Midnights opens with a request, or a demand—that we meet Taylor Swift at midnight, and the time itself is referenced regularly throughout the songs included. Faltering slightly in its second half with its pacing, and full of writing that runs the spectrum of being self-effacing and poignant, to being self-aware and maintaining a sense of humor that was initially hard for me to accept (I did inevitably come to appreciate the “sexy baby” line in “Anti-Hero” given enough time), it is an album that maintains a level of pop music accessibility while still being thought-provoking and challenging in how it is presented, continuing to reveal itself a little more every time we press play on the opening track, once again meeting Swift at the time and place she’s asked us to.

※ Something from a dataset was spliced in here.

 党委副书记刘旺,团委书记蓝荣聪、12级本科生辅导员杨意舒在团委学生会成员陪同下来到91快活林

I Don’t Know Who Needs to Hear This - Tomberlin


Sarah Beth Tomberlin’s second full-length album begins in a whisper, and, before it ends, climbs to a ferocious, torrential snarl—and what makes I Don’t Know Who Needs to Hear This such a thoughtful and fascinating record, both in my initial listen and in revisiting throughout the year, is how extraordinarily personal her songwriting is, and how she’s able to take those narratives and find ways to work them into those two sonic extremes.


Tomberlin, throughout the album, knows how to turn a phrase—on the gentle, tumbling second track, “Runner,” she is perhaps the most personal in her songwriting as she addresses her religious upbringing and the tumultuous relationship with her parents, specifically her father. In a fragile and exhausted voice, Tomberlin sings one of the most memorable lines on the album—and of the entire year: “I know I’m not Jesus, but Jesus, I’m trying to be enough.”

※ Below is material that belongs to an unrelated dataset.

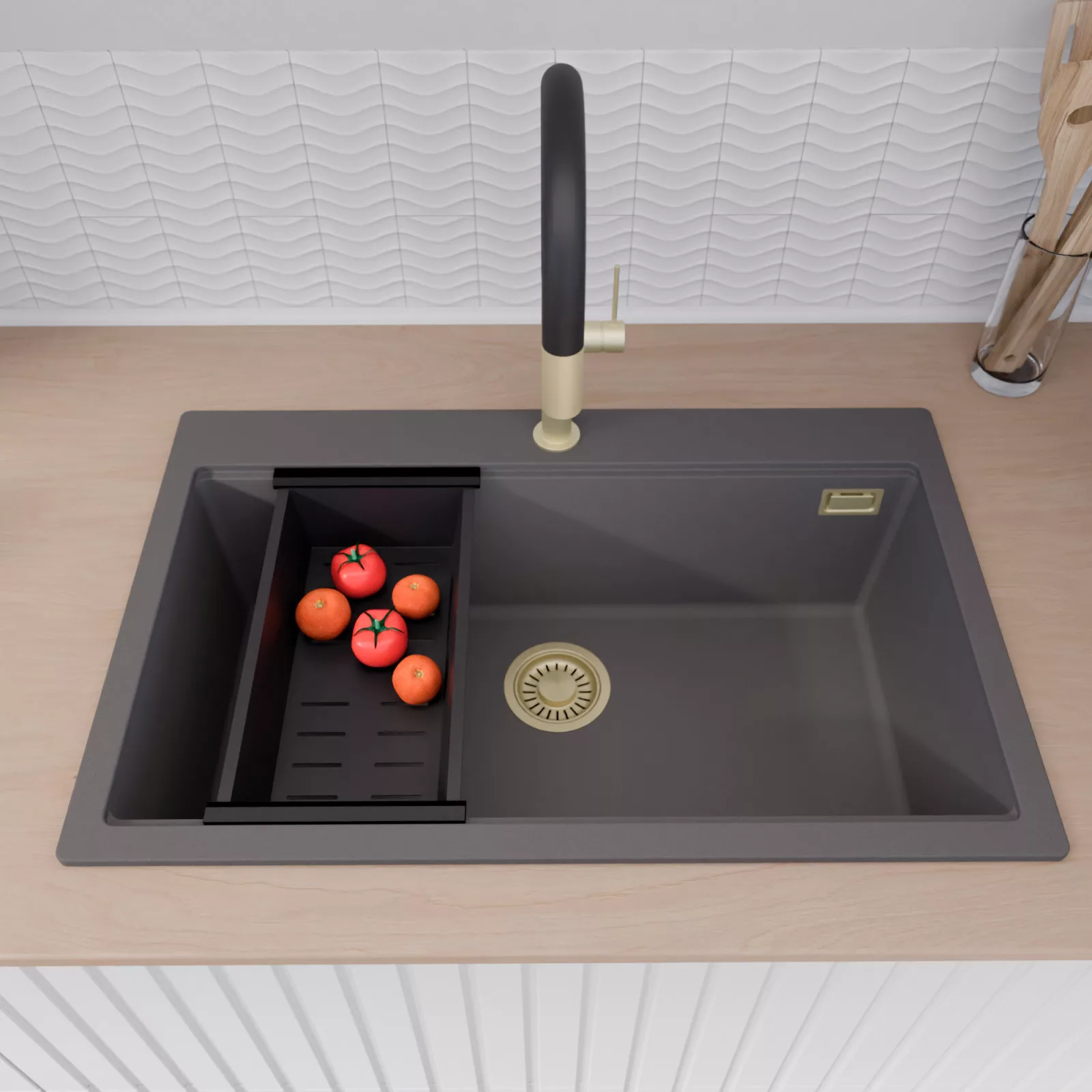 A mosogató prémium minőségű gránit kompozitból készült. Letisztult megjelenése mellett rendkívül praktikus, így bármilyen stílusú konyhába harmonikusan illeszkedik. A strapabíró gránit anyag hosszú távon is megbízható használatot garantál.

While being most direct in the single “Tap,” where Tomberlin draws the correlation between the use of social media and the balance of self-worth, it is in places where she is much more fragmented and murky in her imagery where I Don’t Know succeeds—she often writes about love, and often that love is, for whatever reason, rather difficult. It’s how she opens the album, in the hushed, simmering “Easy,” where Tomberlin uses hyper-literate writing to create a strikingly vivid portrait of the breakdown of both love, trust, and communication, between herself (presumably) and another person, but there is just enough left unsaid in an effort to make the portrait intentionally ambiguous. She uses the same approach in her depictions later on in the album’s first half, on the woozy “Unsaid”—“I don’t call you up, then I don’t have to feel down,” she explains in the song’s chorus, her voice rising and falling atop the acoustic guitar underneath. “If I don't say I miss you, then you never have to be around. And if I don’t say I love you, then you don’t have to love me.”


Produced by Tomberlin herself and Phil Weinrobe, and recorded with a revolving cast of musicians, there is a richness to how I Don’t Know Who Needs to Hear This sounds, with songs often including additional layers of accompaniment from unlikely places, like the low wind instruments that rumble through “Easy” in its opening moments. It’s a deliberately dense record—and you can hear the intricacies in how it has been layered within some of the album’s quietest, or more folk-oriented moments, but those layers explode on the second half with the torrential, dissonant cacophony of “Stoned” and “Happy Accident.” 


On the album’s closing, titular track, which almost serves as an afterward, against a bit of a whimsical, or at least less volatile or tense arrangement, sings, “I don’t know who needs to hear this: sometimes it’s good to sing your feelings. And every time I open my mouth hope that something halfway helpful falls out.” A beautiful, often unpredictable statement that offers a reflection, albeit difficult to see at times, on both the self, and how we interact with others, I Don’t Know Who Needs to Hear This is exponentially more than halfway helpful in navigating the uncomfortable feelings of the human condition.